We applied both the refineR and the kosmic algorithm22 to the same dataset (Fig. 2c) to compare the performance of our proposed algorithm to the publicly available, peer-reviewed and most recently published indirect method. For performance evaluation, besides reporting the upper and lower reference limit for each result, we calculated error and bias averaged over all test cases:

$$\text{Mean percentage error: } MPE= \frac{1}{n}\times \sum_{i=1}^{n}\frac{|r{i}_{i}-gt|}{gt},$$
(2)
$$Relative\,Bias=\frac{1}{n}\times \sum_{i=1}^{n}\frac{r{i}_{i}-gt}{gt},$$
(3)

where gt = ground truth for lower and upper reference limit, rii = reference interval i, and n = number of (simulated) cases.

For a convenient comparison of the quality of results, we also grouped the estimated reference intervals into five different categories, defined using the total error specification from the EFLM (European Federation of Clinical Chemistry and Laboratory Medicine) biological variation database29 (Fig. 2d). We decided to use the total error as a benchmark, as it considers both the biological variability and the analytical error for each marker. The total error specifications for the different markers are shown in Table 1.

Table 1 Definition of evaluation categories for different simulated analytes using the total error specification.

Additionally, we conducted a comparison of the indirect methods to the direct method, which serves as a baseline benchmark, with N = 120 and N = 400 reference samples. Although the direct method is considered the ‘gold standard’, its results also include statistical uncertainty, due to sampling bias. We simulated this approach by drawing N = 120 and N = 400 random samples from the simulated non-pathological distribution for the various analytes. These data points were then used to determine the 2.5th and 97.5th percentile as reference intervals. To account for the uncertainty from random sampling, sampling was repeated 10,000 times.
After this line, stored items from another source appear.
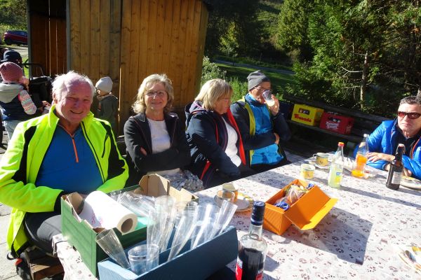 | Die Wanderfreunde bei einer Zwischenstation Richtung Wolfsberg |
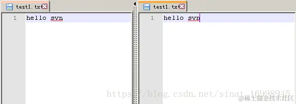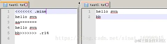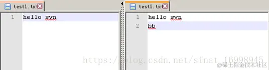假设A、B两个用户,他们分别从svn服务器中检出了test1.txt文件,此时A、B、服务器三个地方的test1.txt的版本都是13。A、B文件的内容如下图(左A右B):
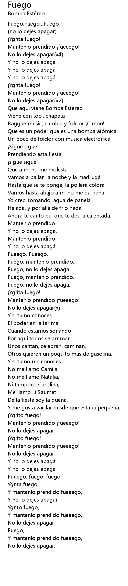 | Fuego, no lo dejes apaga. | |
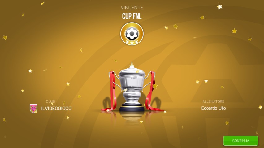 La semifinale non è difficilissima e la vinciamo con una certa autorità: 2-0 in casa. Un gol per tempo senza farci troppo impensierire. La finale la giochiamo contro una squadra che naviga a metà classifica nella massima serie. I favoriti sono loro e da buon palermitano, chi vi scrive e gioca a New Star Manager tiene molto al trofeo che nella realtà alla sua squadra favorita è sfuggita ben tre volte sul più bello.
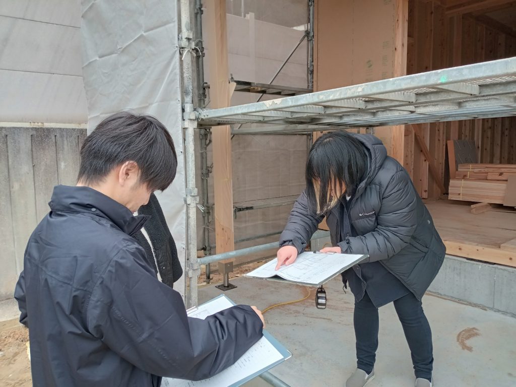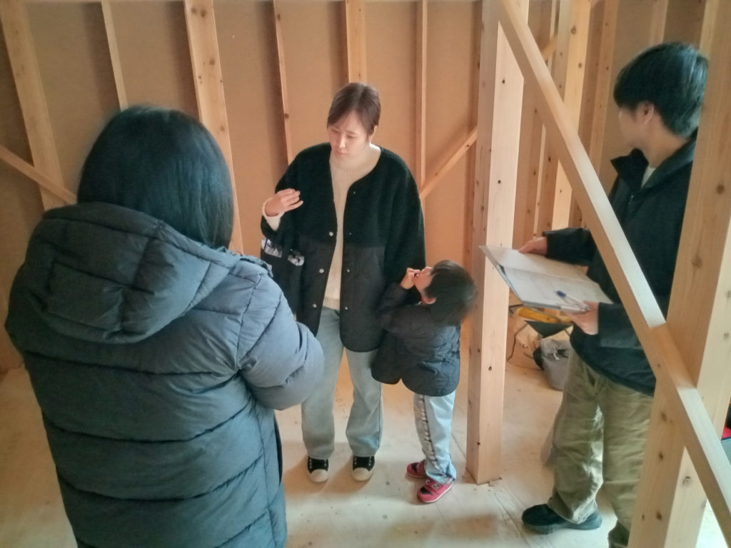 先日、棟上げ工事が無事に終わった宇美町H様邸にて、電気配線の打ち合わせを行いました!
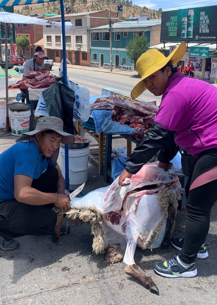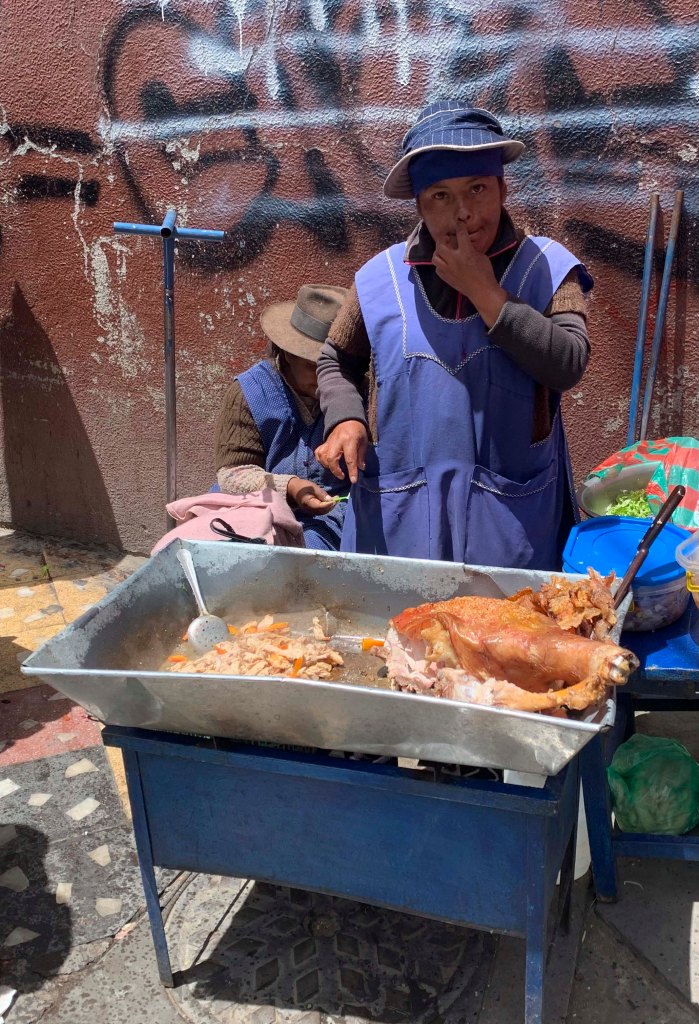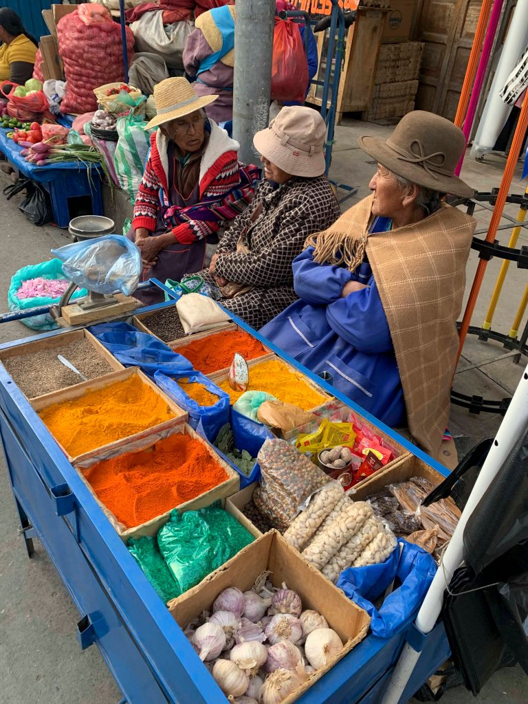 Über Oruro, immerhin Hauptstadt der gleichnamigen Provinz, ist nicht allzu viel zu sagen… Aber es gibt auch dort einen großen Markt, dessen Besonderheit die vielen Stände mit Coca-Blättern und -Tee sind. In keinem anderen südamerikanischen Land haben wir so viele dicke Coca-Backen gesehen wie in Bolivien! Die harmlose Wirkung (u.a. Unterdrückung von Müdigkeit und Hungergefühlen) hilft bei harter Arbeit, wir selbst sind aber nur beim Tee geblieben, der eindeutig kleine Beschwerden durch die große Höhe mindert. – Außer Coca bot der Markt vielfarbige Gewürze, unglaubliche Kuchen und Torten sowie Eselsmilch, die das reinste Wundermittel sein soll.
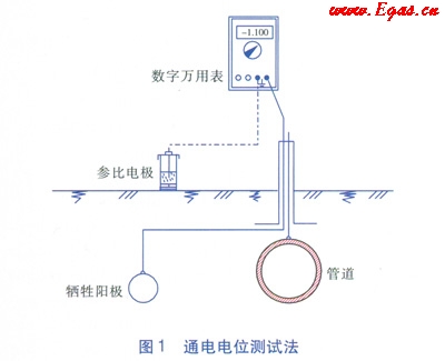 城鎮(zhèn)燃?xì)夤艿蓝酁槁竦胤笤O(shè),由于土壤中含有水分、空氣、酸、堿、水溶性礦物鹽以及微生物,這些因素都會使金屬管道發(fā)生腐蝕。金屬腐蝕直接和間接造成了巨大的經(jīng)濟(jì)損失,因此,必須采取有效的防腐措施,實(shí)踐證明控制管道腐蝕的主要方法是采用防腐層和陰極保護(hù)。對金屬管道的陰極保護(hù)進(jìn)行測試和評價(jià),可以及時(shí)發(fā)現(xiàn)管道腐蝕和安全隱患,最大程度降低經(jīng)濟(jì)損失。采用犧牲陽極和3PE防腐層聯(lián)合保護(hù)的次高壓燃?xì)夤艿?,通常采用通電電位測試法和斷電電位測試法進(jìn)行陰極保護(hù)測試。
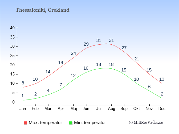 Grafen visar de genomsnittligt högsta temperaturerna i Thessaloniki (vanligtvis det värde som uppmätts mitt på dagen) och de genomsnittligt lägsta temperaturer (vanligtvis tidpunkten just innan soluppgång).
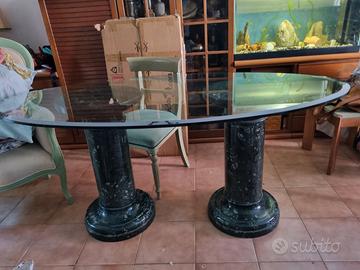TAVOLO ELLITTICO IN CRISTALLO CON COLONNE IN MARMO
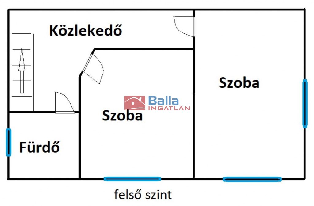 ➡ Felső szint: 2 hálószoba, világos, ablakos fürdőszoba
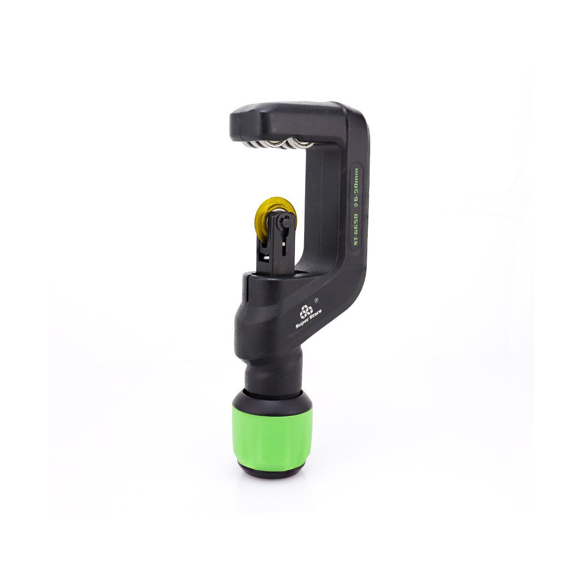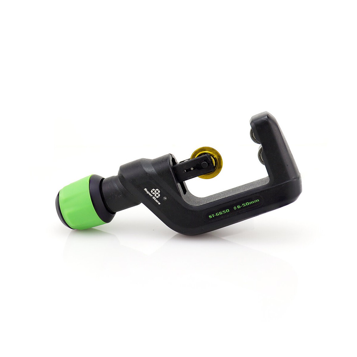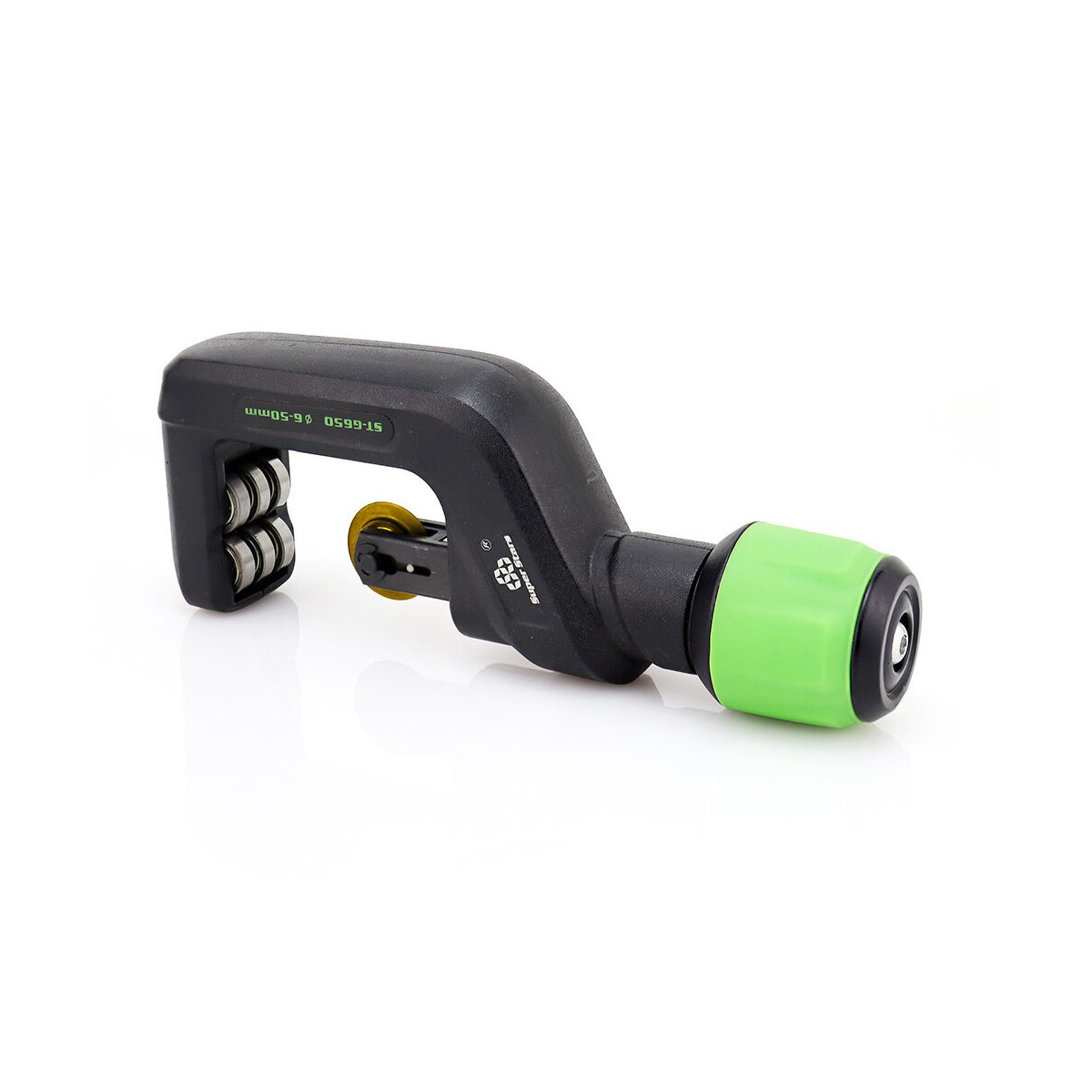 Coupe-tube ST-650S avec champ de coupe 6–50 mm, avec rouleaux de support et dispositif de verrouillage du tube, idéal pour des coupes propres de tuyauteries en cuivre HVAC et réfrigération.

Furthermore, we examined the performance of refineR in pediatric datasets obtained from the laboratory information system of a tertiary care center (Department of Pediatrics and Adolescent Medicine, University Hospital Erlangen, Germany). We retrieved patient samples for the six biomarkers we previously simulated (ALP, CREA, Hb, FT4, TSH, γ-GT) for patients aged 3–18 years. The different age groups per analyte are shown in Supplementary Table S7, together with the sex of the underlying cohort, the number of samples and their measuring unit. The subgroups were selected based on observed minor dynamic in the measured test results6,7,8,30. The measurements were performed on Roche cobas instruments (ALP, CREA, FT4, TSH, γ-GT) and SYSMEX instruments (HB). For these biomarkers, we estimated reference intervals using refineR and kosmic with N = 200 bootstrap iterations and compared the results to reference intervals obtained from different direct method studies from literature31,32,33,34,35,36,37,38,39,40. The comparison studies include reference intervals obtained as part of the CALIPER project (CAnadian LaboratoryInitiative in PEdiatric Reference Intervals)31,32,33,34,35, package inserts accompanying the analytical devices38,39,40, a study obtained on a German pediatric cohort37 and one carried out in an Austrian adolescent cohort36. Sample sizes in comparison studies were between 26 and 1872 (median: 200). More detailed information can be found in Supplementary Table S8. Use of pseudonymized pediatric and adult patient datasets obtained during patient care without patients’ explicit consent is in accordance with the applicable German/Bavarian regulations and has been approved by the Ethical Review Boards of the University Hospital Erlangen, reference number 97_17 Bc.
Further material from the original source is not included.